Robot-written reviews fool academics
timeshighereducation.comI'm not very surprised. If you've ever reviewed papers for an academic conference, you'll find that the vast majority of them are just very bad. The average ACM conference has a ~20% or so acceptance rate - and the remaining 80% isn't just a hair away from being accepted. For a big chunk of it, it's just garbage.
Ill defined research problems, vague statements, poor methodology, many grammatical mistakes... given the nature of peer review, it's only natural that people who author nonsensical papers would nod at nonsensical reviews.
For people saying that this is because academia is an old boys network: not quite so. While it can definitely be like that when you get to the top, the vast majority of peer reviewers for most conferences are just grad students, post docs, or junior researchers who don't really discriminate by trying to guess who wrote the paper.
I think the disagreements in the thread around this comment stem from the notion of an "average ACM conference" -- there is no such thing. ACM has everything from very high-quality conferences like STOC to "C-track" conferences that have a few good papers, but are mostly routine or crap.
I've done a lot of review work (but I don't like to do hard work for free any more), and nothing is more depressing than reviewing for C-track conferences. The mis-spent effort, the mis-used terminology, the buzzwords and the pretense.
Weird, I've had a very different experience reviewing for two big ACM conferences. The rejected papers are usually a bit too narrow of a contribution, but you'll usually see them appear in respected smaller venues soon after. Most of the horrible unacceptable work gets culled out in earlier passes before reviewers even see it.
ACM has a wide range of conferences. There are conferences with an A* ranking, but also ones with a C ranking. Submissions to A*-conferences are not 80% garbage.
Your link shows that over 75% of the conferences are B or lower. So sure, the submissions to A* conferences are not 80% garbage, but these conferences are 4% of the total. Not really representative of academic work as a whole.
Oh hey, cool! My paper writing up my MSc thesis was at a B-grade conference with a 26% acceptance rate. That's actually more selective than I expected, given my opinion of my own work.
Sure, I was just giving a possible reason for the different experiences of reviewing for ACM conferences.
If you generated papers with MIT's SCIgen, reviewed them with this, and then responded to those reviews with short notes from Cleverbot, you could put together a whole collection of "peer-reviewed", fee-charging journals. You'd want to make sure they cross-cited each other heavily, thus earning the journals and their "authors" prestige.
Now to set this up to discredit the big issues of the day...

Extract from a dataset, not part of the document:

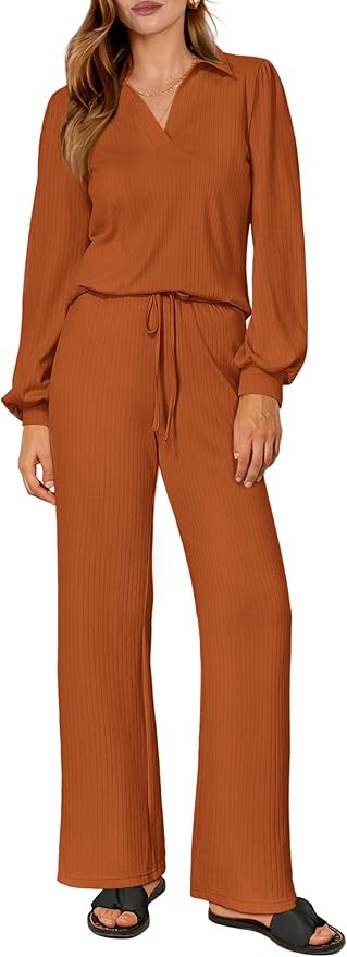 Womens Fall Clothes Two Piece Outfit Set Long Sleeve Lapel V Neck Tops Blouses Wide Leg Pants Ribbed Tracksuit
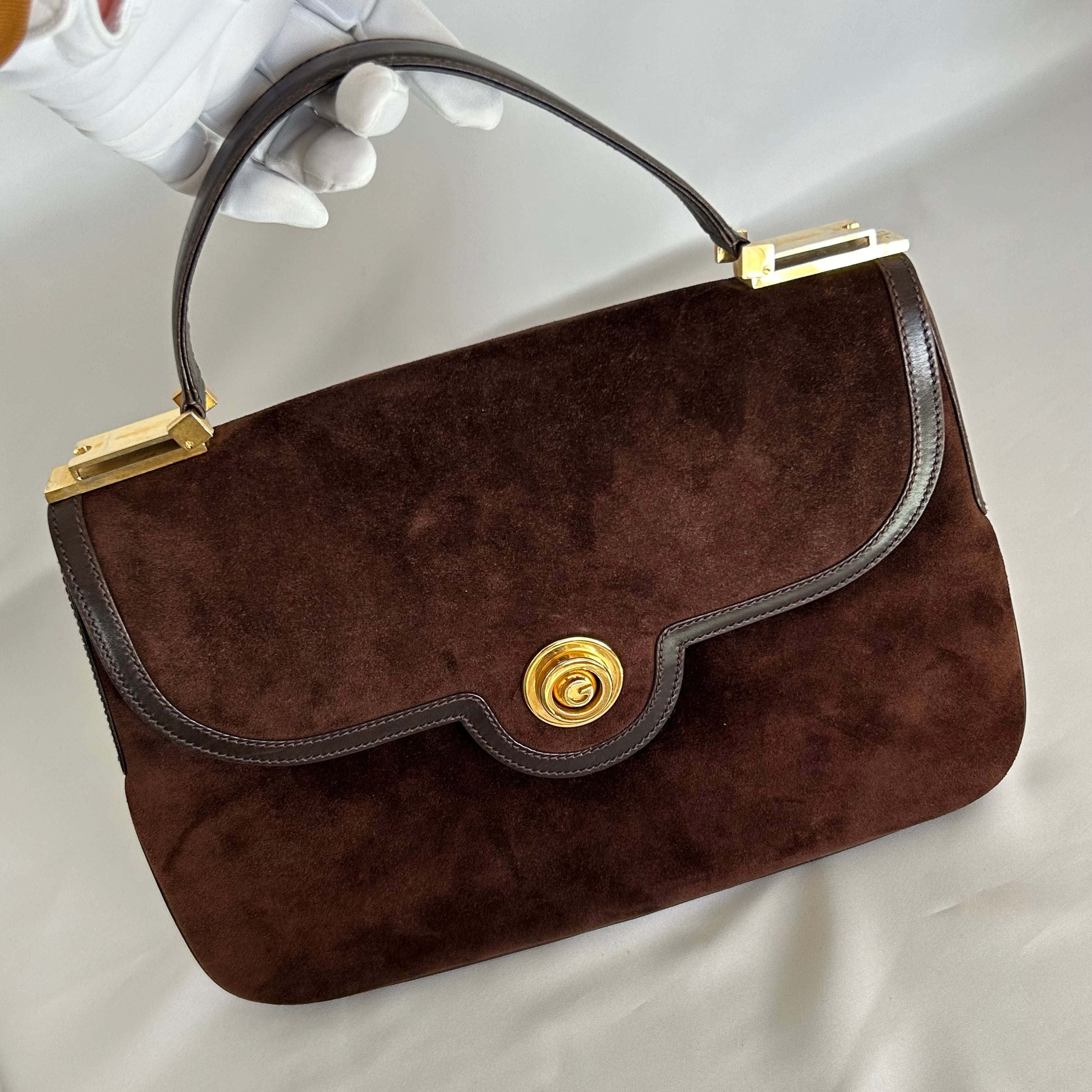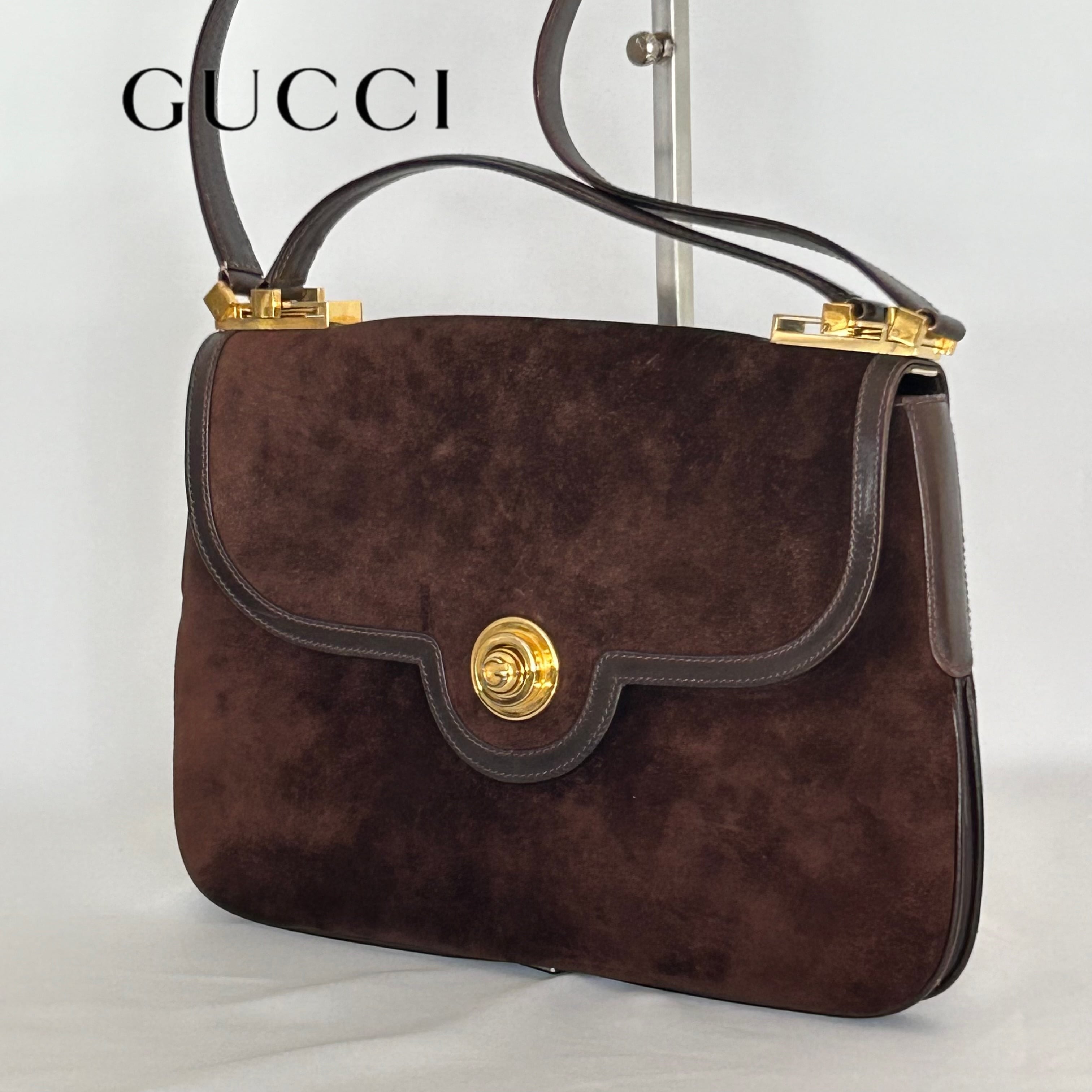 【希少】OLD GUCCI スウェード×レザー プッシュロック ショルダーバッグ 【CM00078】

The quality of reviews is a general problem with the reviewing system. Just think about it: You're very busy with other work, you have many reviews to write, about papers that you're not probably really enthusiastic about, and reviews are anonymous to all but the editors. It shouldn't be surprising that this can result in rushed, bad reviews. It's also not too surprising that one can automatically generate a 'review' that looks like someone who forgot about the reviewing deadline and wrote something in a rush.
Nevertheless, while bad reviews do make it through, I do think the editors are able to recognise them for what they are.
It reminds me the "Postmodernism Generator"
And the Sokal affair [1]
And the reverse-Sokal affair [1]
and similar projects for cs and math papers
And of course http://www.theproofistrivial.com/
"Markov chains still produce credible sentences after 30 years" reports Mark V Shaney
But Markov chains have never produced credible sentences. They produce crazy schizophrenic sentences that begin talking about one thing and end up talking about something entirely different because they went on farther than their lookback. Just look at the example in your link:
> It looks like Reagan is holding back the arms of the American eating public have changed dramatically, and it got pretty boring after about 300 games.
That's not going to get past anyone who reads it in any context. The method here was to copy entire well-formed sentences from existing reviews.
I'm surprised this hasn't been done for math where papers actually can be completely accurate.
I would like to see the opposite too, identify fake reviews written by robots. Otherwise people will just start using fake review robot sites so as to not spend any time.
Confirms the bias in the bogus peer-review bureaucracy: editors accept papers from those they know, without reading the recommendations. Its an old-boys network?
It seems much more that this is due to the rise of predatory publishers, where editors are willfully lax on standards, as the goal is not to make money but sucker scientists out of open-access publishing fees. Many prestigious journals just blind editors to authors anyway.
This is how the ivory tower crumbles - as it becomes common knowledge that scientists are as gullible as anyone, if not more so.
Reviewers make specific and general comments. The general comments are usually ledd important but serve as general reminders, for example, to check for typos, to bettersituate your findings in context, and the positive aspects of having converging, objective measures. These generalities usually cut across disciplines and take no real expertise. It is thr specific reviewer comments that make or break a paper. These fabricated reviews do not produce specific, intelligent reviewer comments, just the general comments that sane scientists do not resist or think much about.
Well, the actual paper tested experienced academics, grad students, and novices on their ability to differentiate, so you can measure that hypothesis of yours.